This led her to attend the Ohio State University Law School, which is when she began interning at the Fairborn Municipal Court. Upon passing the bar exam and graduating, she practiced law out of an office in Beavercreek and worked on special prosecuting at the Fairborn Municipal Court. She ran for the judge position after serving as a court magistrate for a number of years, as the former Fairborn Municipal Court Judge Catherine Barber retired when 2007 came to an end.

Transitioning from such entailed going from behind-the-scenes and dealing with administration work to having a staff and being the face of the court. Because of which, she is sure to attend community functions and take time to visit Fairborn High School to explain the workings of a courthouse. Her favorite part of serving as judge is helping individuals understand the judicial system.
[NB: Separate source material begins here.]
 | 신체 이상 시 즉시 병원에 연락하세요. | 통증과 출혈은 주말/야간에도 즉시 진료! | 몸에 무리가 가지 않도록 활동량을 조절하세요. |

“Hopefully they’re not as scared of the system,” Root said. “I don’t think people in general understand much about the court system, and I like people, so to be able to talk to them and explain it so they know what’s going on, to me is important … If we are successful in helping someone get clean and sober, that is probably the best thing.”

In her time as a judge, she has seen an increased use in heroin and individuals found incompetent and not resortable.
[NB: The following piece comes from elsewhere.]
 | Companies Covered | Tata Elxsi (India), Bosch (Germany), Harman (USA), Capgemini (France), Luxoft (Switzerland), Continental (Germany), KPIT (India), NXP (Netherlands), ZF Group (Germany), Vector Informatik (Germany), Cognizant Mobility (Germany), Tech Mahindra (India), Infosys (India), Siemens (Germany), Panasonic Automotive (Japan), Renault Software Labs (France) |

She estimates that a large volume of theft cases handled by the Fairborn Municipal Court are drug-related, and said it is seeing an increase in OVI cases having to do with drugs or a combination of drugs and alcohol compared to being under the influence of alcohol alone.
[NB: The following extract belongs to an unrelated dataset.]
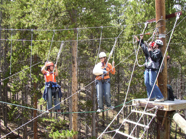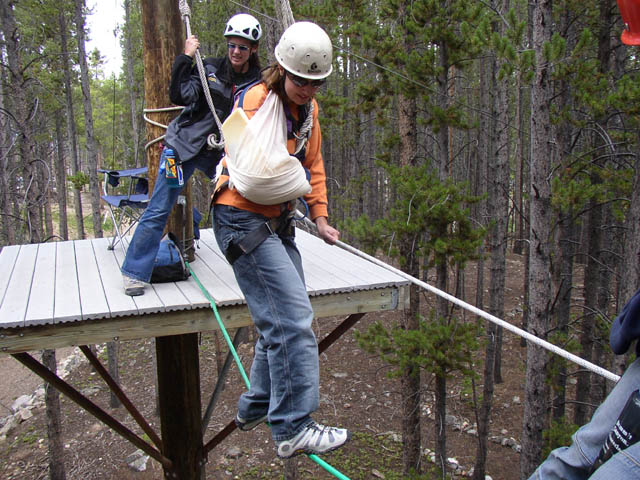 Eric Marchese helps Marla tie in to the zip line, which is a free-fall ride off the ropes course,down the cable on a pulley.

“In the courtroom, the real challenge anymore is heroin and opiates. It’s hard to beat that cycle. It’s just a ferocious, tenacious addiction,” Root said. “We started our Vivitrol drug docket, which is our way to meet that challenge and help the individual.”

The Vivitrol program was certified last fall and is meant to offer a holistic approach to drug treatment. Participants regularly receive vivitrol as a means of quitting drug abuse, attend consistent court hearings and meetings with a probation officer as well as counseling sessions until they are able to complete four phases within about two years of beginning the program.

After which, Root aims for participants to have stable housing, a sober support system, fixed family relationships and a goal for them to work toward, such as a job or school. It currently includes four participants, who she said are doing well. It is a selective process for beginning the program, as participants must truly want to follow through with treatment and is not a meant for them to get out of punishment for a crime.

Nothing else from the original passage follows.